Women with a history of breast cancer, clotting disorders, or hormone-sensitive conditions are frequently excluded from HRT. Those undergoing anti-estrogen treatment for hormone receptor-positive breast cancer, such as tamoxifen or aromatase inhibitors, often see hot flashes worsen as a treatment side effect, creating a compound problem: the cancer therapy itself driving the symptom that most disrupts daily function. Fezolinetant, because it bypasses estrogen entirely, does not carry those hormonal risks.
The one area requiring monitoring is liver function. In global trials, approximately 2 to 3 percent of participants experienced elevated liver enzymes. Regular liver function testing is recommended before starting treatment and through the first nine months. This is the primary clinical consideration in patient selection.
Earlier non-hormonal medications prescribed off-label for hot flashes, such as venlafaxine (an antidepressant) or gabapentin (an anticonvulsant), typically reduce hot flash frequency by around 40 to 60 percent, with variable tolerability and side effect profiles that were not designed with menopausal women in mind. Fezolinetant’s mechanism is purpose-built.

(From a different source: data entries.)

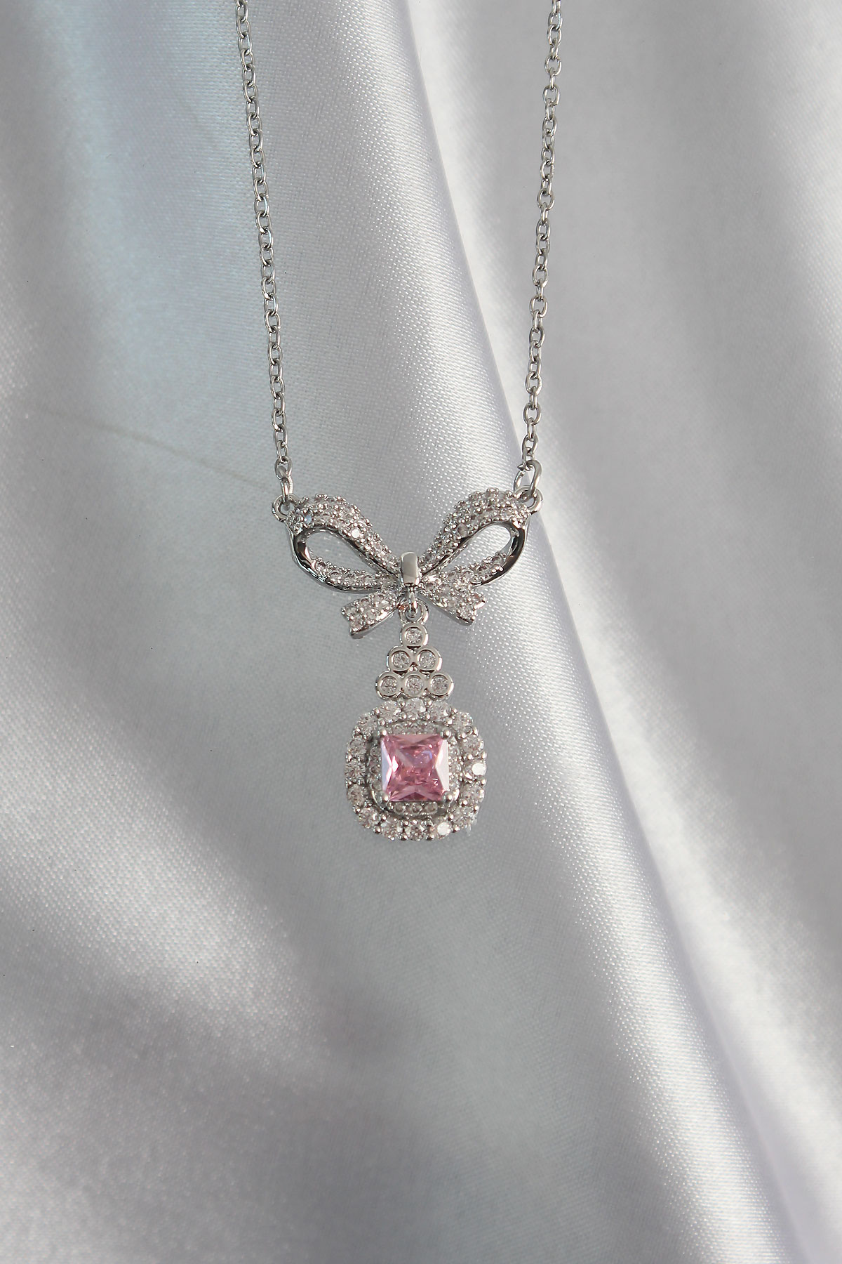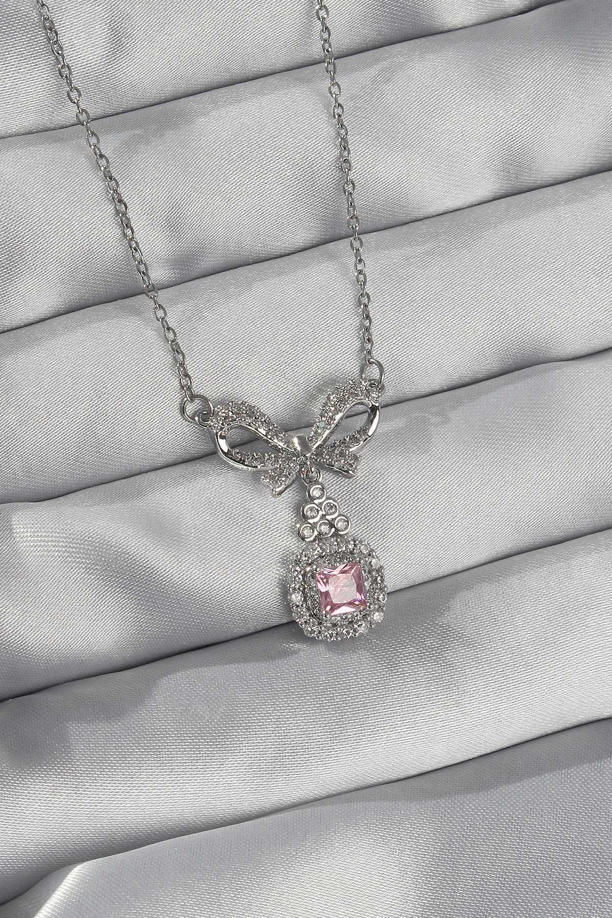 316L Çelik Gümüş Renk Fiyonk Detay Pembe Zirkon Taşlı Tektaş Kolye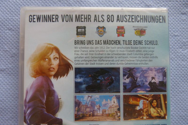 Das Spiel ist im Jahr 1912 angesiedelt und der Spieler schlüpft in die Rolle des Ex-Pinkerton- Agenten Booker DeWitt, der auf eine Rettungsmission in die fl iegende Stadt Columbia geschickt wird. Seine Aufgabe? Die seit ihrer Kindheit gefangen gehaltene Elizabeth zu befreien. Auf ihrer waghalsigen Flucht entwickeln Booker und Elizabeth eine starke Beziehung - eine, die es Booker ermöglicht, seine eigenen Fähigkeiten mit Elizabeths weltverändernder Kontrolle über ihre Umgebung zu vereinen. Zusammen bestreiten sie rasante Gefechte in den Skylines, in den Straßen und Häusern von Columbia und auf riesigen Zeppelinen in den Wolken, wobei sie lernen, ein stets wachsendes Arsenal von Waffen und Fähigkeiten zu beherrschen.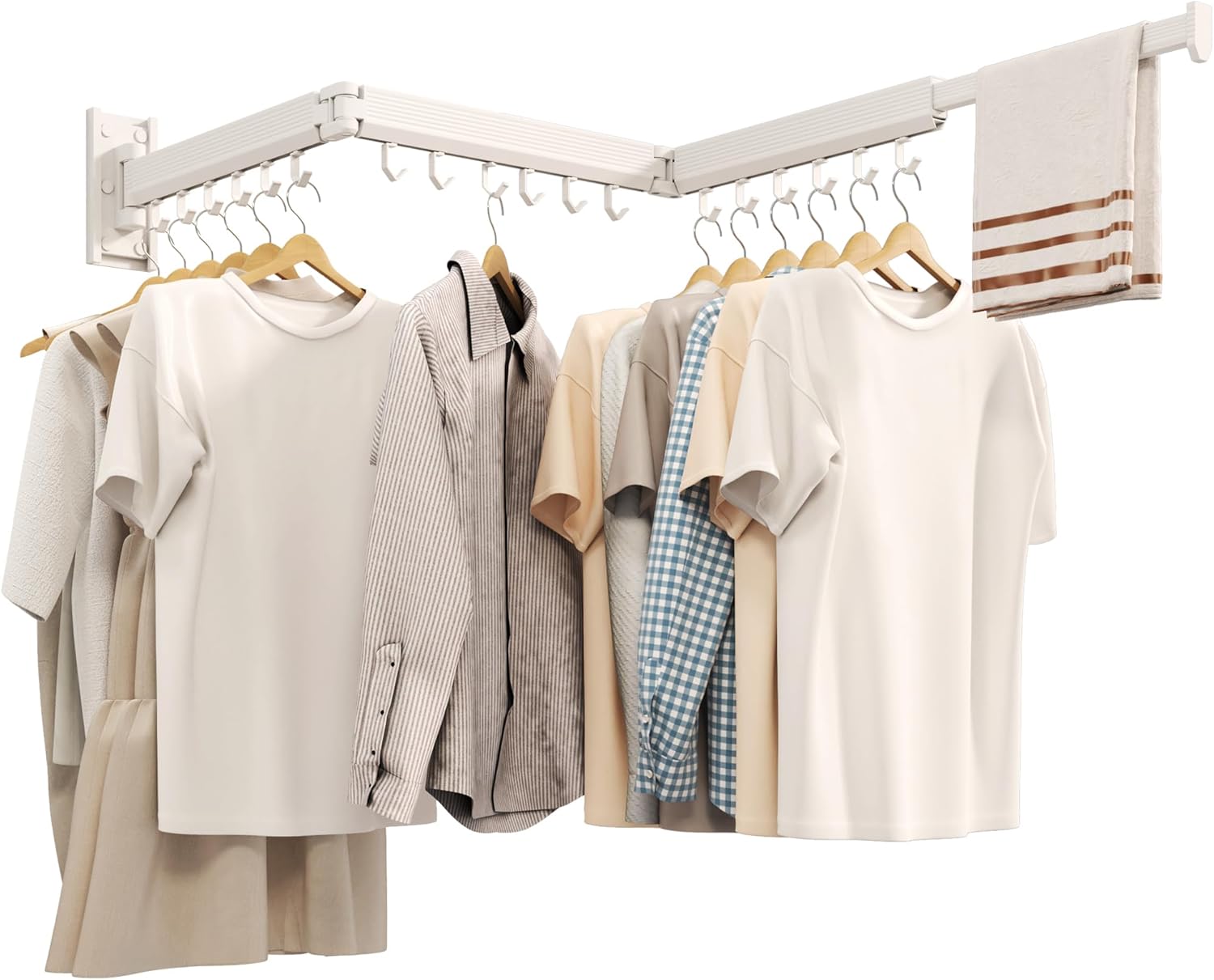 Wall Mounted Clothes Drying Rack, Collapsible Laundry Drying Rack, Retractable Foldable Drying Rack Clothing for Hanging Clothes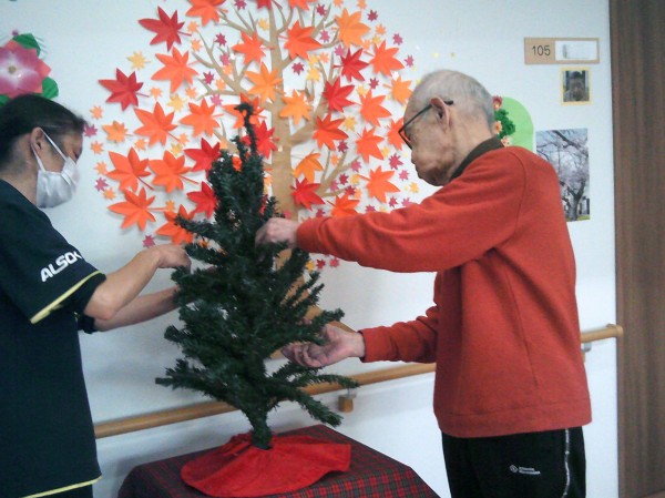 楽しそうにツリーに飾り付けを行いました。 綺麗に飾りました(*^_^*)

The Significance of an Asia-Specific Dataset
The STARLIGHT 2 results carry a specific implication beyond efficacy confirmation. Virtually all of fezolinetant’s pivotal Phase 3 data before this trial came from predominantly Western populations. Demonstrating that the KNDy pathway behaves the same way in Japanese women, and responds to the same drug at the same doses, provides evidence that this is a universal physiological mechanism, not one shaped by population-specific variables.

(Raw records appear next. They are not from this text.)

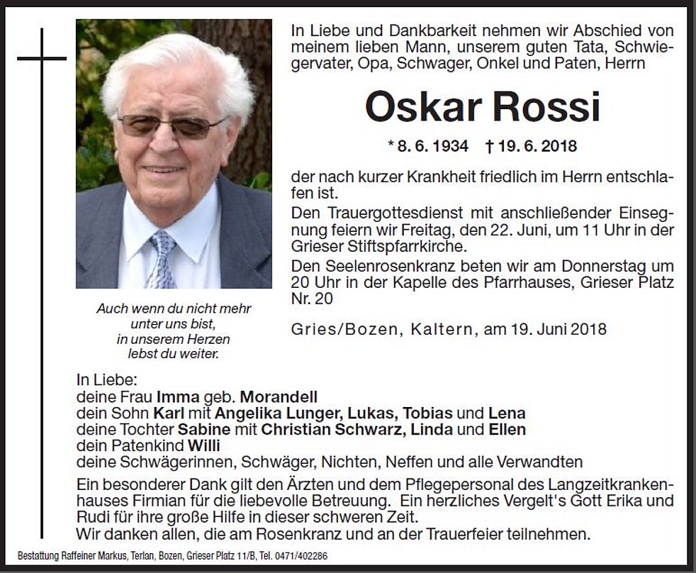 Den Trauergottesdienst mit anschlieβender Einsegnung feiern wir Freitag, den 22. Juni, um 11 Uhr in der Grieser Stiftspfarrkirche.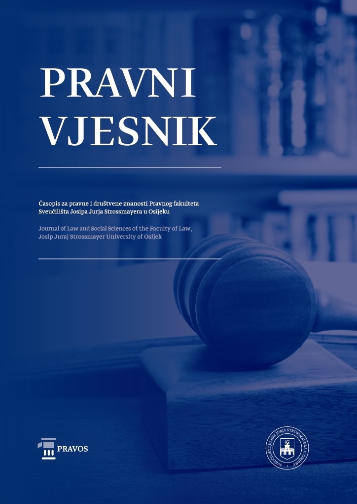 Authors retain the copyright on the papers published in the Journal, but grant the right of first publication to the Journal. Papers accepted for publication or already published in Pravni vjesnik of the Faculty of Law in Osijek may be published by the author(s) in other publications only with proper notice of its previous publication in Pravni vjesnik.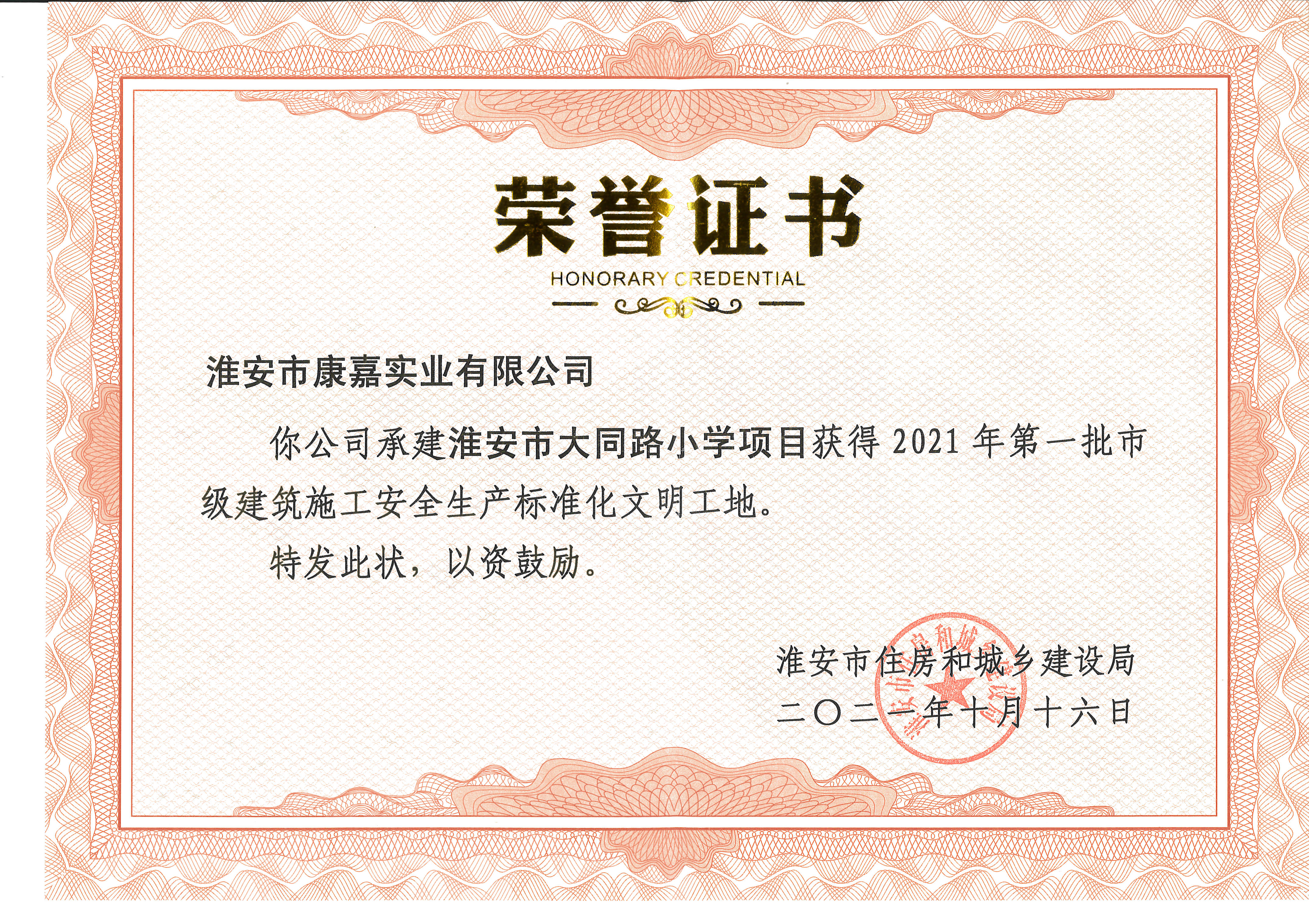 近日,2021年淮安市第一批市級(jí)建筑施工安全生產(chǎn)標(biāo)準(zhǔn)化文明工地項(xiàng)目名單揭曉,康嘉實(shí)業(yè)公司承建的淮安市大同路小學(xué)及東湖嘉景商住二期A-10、C-10、地下室(二)工程兩個(gè)項(xiàng)目榮獲市級(jí)標(biāo)化工地稱號(hào)。

Full STARLIGHT 2 results are scheduled for submission and presentation at a scientific congress in late 2026. If Japan’s regulatory approval follows, the pathway to broader Asian market availability becomes clearer, including potential implications for Korea and other markets where menopause care has historically been undertreated.
There is a broader cultural dimension here. Across much of Asia, the expectation that menopause symptoms are simply to be endured has been more entrenched than in Western contexts. Precision tools with solid local data create the conditions for that expectation to change. Fezolinetant is not the only option, and it is not for everyone. But the fact that it works by addressing a specific, well-characterized mechanism, rather than by suppressing symptoms broadly, makes it a more informative addition to the conversation about what managing menopause actually looks like.

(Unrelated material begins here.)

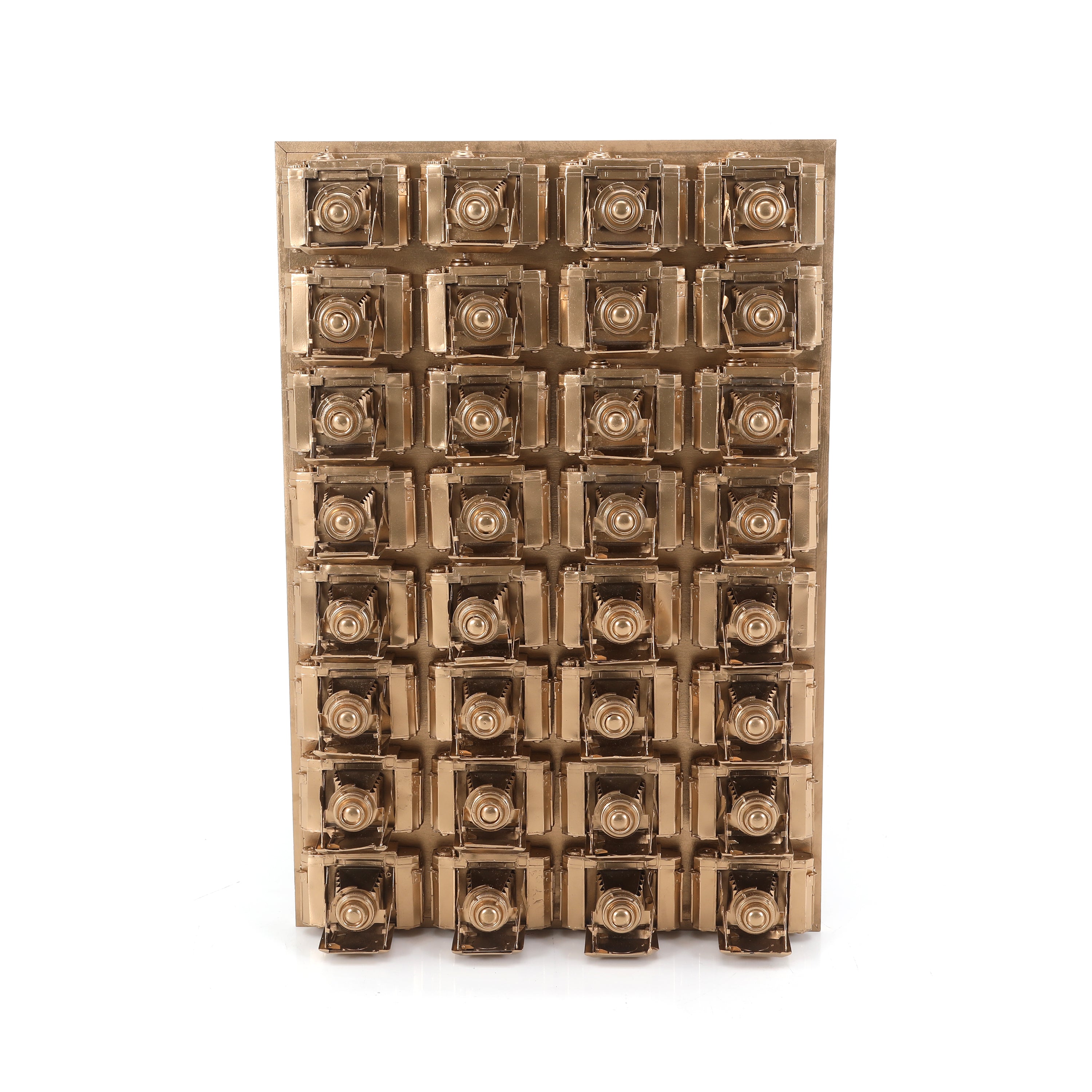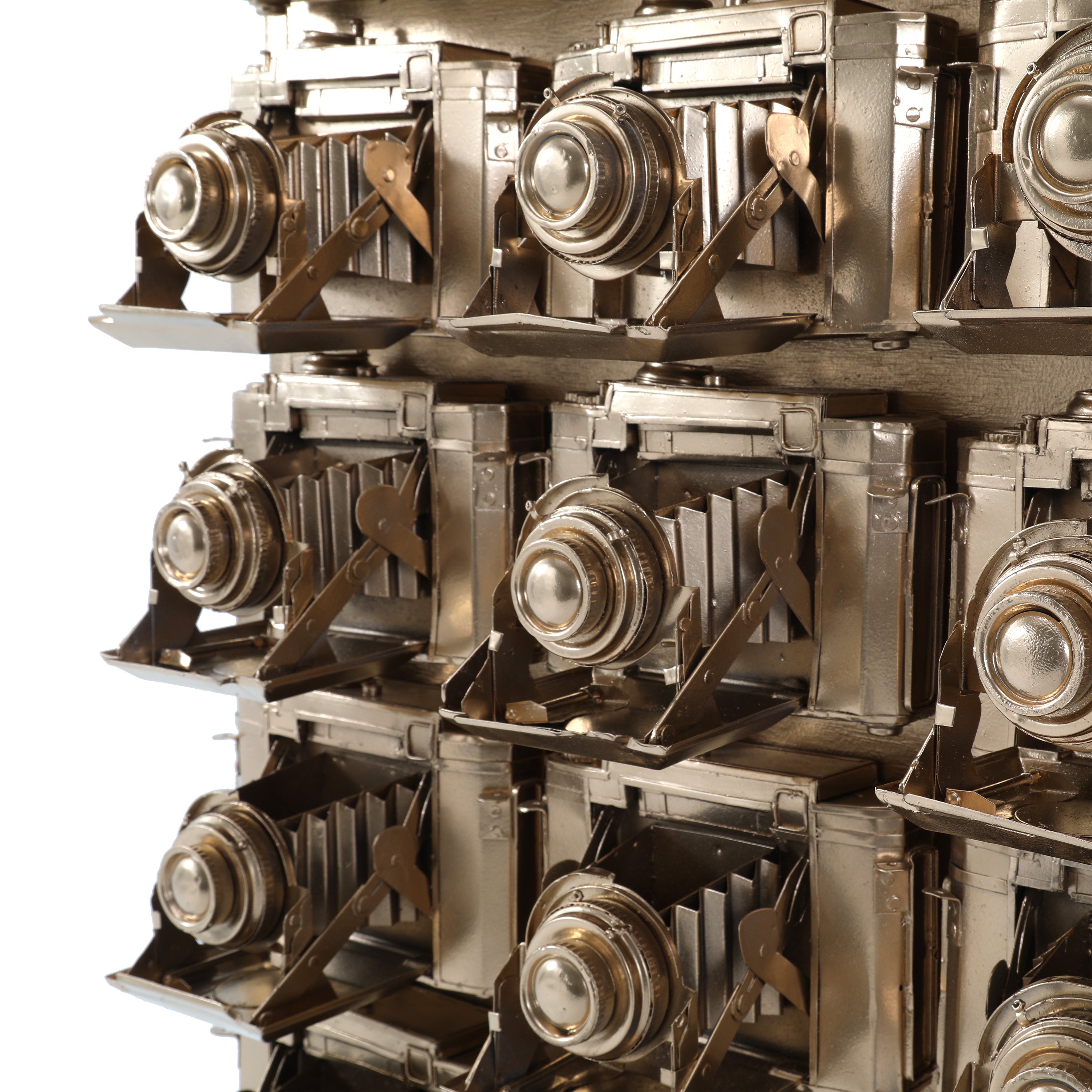 Details: Large gold wall art made from vintage cameras. Dimensions: 49.25" H x 33" W x 7" D

Q. Fezolinetant is already FDA-approved. Why does Japan need a separate trial?
The FDA approved fezolinetant in May 2023 based on data from predominantly Western populations. Japan’s regulatory authority, like most national agencies, requires independent clinical evidence in its own population before granting approval. STARLIGHT 2’s 410-patient Japanese dataset will form the basis of Astellas’s regulatory submission in Japan.
Q. How is NK3 receptor blocking different from hormone therapy?
Hormone therapy (HRT) works by replenishing estrogen. Fezolinetant works independently of estrogen levels, directly blocking the NK3 receptor signal that KNDy neurons use to trigger the brain’s faulty heat-release response. This makes it suitable for women who cannot use HRT due to breast cancer history, clotting risk, or personal preference.
Q. When does the effect start, and what should I watch for?
Clinical data shows hot flash frequency starts declining within the first week of use, stabilizing by weeks 8 to 12. Because fezolinetant can affect liver enzymes, a liver function test is recommended before starting and periodically during the first nine months. Anyone with liver disease history should discuss this with their doctor before use.